◆ DATA EXCERPT:
====
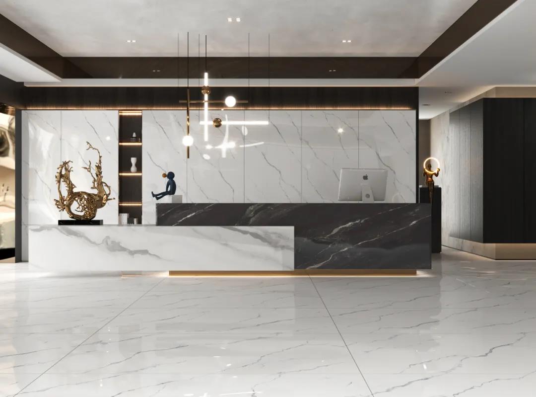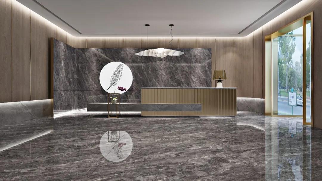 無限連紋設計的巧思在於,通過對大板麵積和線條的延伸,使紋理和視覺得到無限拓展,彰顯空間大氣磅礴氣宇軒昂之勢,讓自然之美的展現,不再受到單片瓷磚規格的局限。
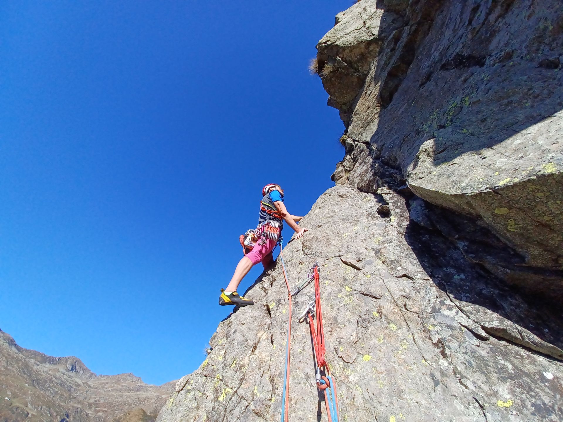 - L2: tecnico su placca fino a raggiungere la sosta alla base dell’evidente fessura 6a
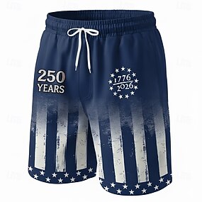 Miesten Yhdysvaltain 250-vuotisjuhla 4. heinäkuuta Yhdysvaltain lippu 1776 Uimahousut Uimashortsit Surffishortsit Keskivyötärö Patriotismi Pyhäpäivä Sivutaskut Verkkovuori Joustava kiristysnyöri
====
◆ ABOUT THIS TASK: Nothing but the lines from the one containing "- L2: tecnico" through the last line of the material may appear in the answer, transcribed exactly and with no pictures.

◆ PROBLEM SOLUTION:
 - L2: tecnico su placca fino a raggiungere la sosta alla base dell’evidente fessura 6a
 Miesten Yhdysvaltain 250-vuotisjuhla 4. heinäkuuta Yhdysvaltain lippu 1776 Uimahousut Uimashortsit Surffishortsit Keskivyötärö Patriotismi Pyhäpäivä Sivutaskut Verkkovuori Joustava kiristysnyöri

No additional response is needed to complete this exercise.